The United States of America has almost four million miles of road linking cities and states. There are suburban streets as well as fifteen-lane interstate highways that help people and goods travel from one location to another. The two prominent types of facilities are suburban streets and interstate highways. In 2016, road networks transported goods and people over 3 trillion miles. Because of the increased need for road transportation, both the state and federal governments are constantly investing significant money in the construction, design, and maintenance of new highways. The Federal highway authorities often play critical roles in collecting and analyzing new ideas that can be applied in the design of new roads based on the nature of traffic in every region. With the advancement of the transportation systems, the highway engineers are constantly coming up with sophisticated designs capable of withstanding the ever-increasing traffic. The innovative ideas include the application of 3D engineering models capable of producing efficient and accurate construction and planning. The new techniques in the road construction also involve the methods to identify where, when and how to conserve pavement. Roads engineers are also doing continuous research to come up with new technology and materials to help roads become more resilient and comfortable. Some of the new technology includes the use of permeable materials in the design of the pavement structures. These materials often suppress the surface run-offs capable of causing damages to the parts of the road networks.

Faults in the Road Networks

Amidst the increase in technology in the road construction, most of the road networks still have faults that hinder the transportation activities. Most accidents occur because of the above faults. In some parts of the United States, there is evidence of portholes that and poor pavement systems that reduce flow of traffic (Ben-Daya et al. 23). In rural areas, the road networks in rural areas often develop cracks that interfere with the whole structure of the road, a situation that requires high maintenance cost and advanced technological systems. Most of the roads in the United States were constructed long time ago and the construction of most of them did not involve the consideration of the modern advanced transportation system involving the current heavy traffics that poses many threats to the weak structures on the roads. Considering the increased number of vehicles on the roads in the modern times, America's road networks are under strain, especially at the bridges and fly-over. Some of these structures were designed during the time when technology in road construction was low. Accompanied by the implacable increase in drivers, United State's roads are prone to traffic catastrophes like accidents, the collapse of bridges and different road networks (Petroski 19). America's road network is strained because of the age and the operational activities that keep on putting a lot of strain on the road structure.
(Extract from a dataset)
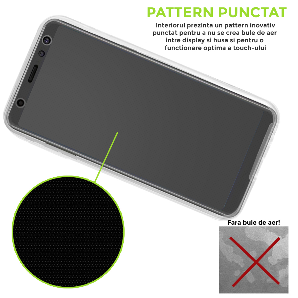 * Interiorul prezinta un pattern inovativ punctat pentru a nu se crea bule de aer intre display si husa si pentru o functionare cat mai exacta a touch-ului.

The United State's crisscrossing interstate road networks were constructed in the year 1956 by the Federal Highway authority to facilitate the interstate transportation system. These roads have long become the backbone of the road transportation leading to the development of various urban centers. The rise of towns has led to the increase in road usage across different counties; the high number of vehicles on the highways has led to the deterioration of some parts of the road structure.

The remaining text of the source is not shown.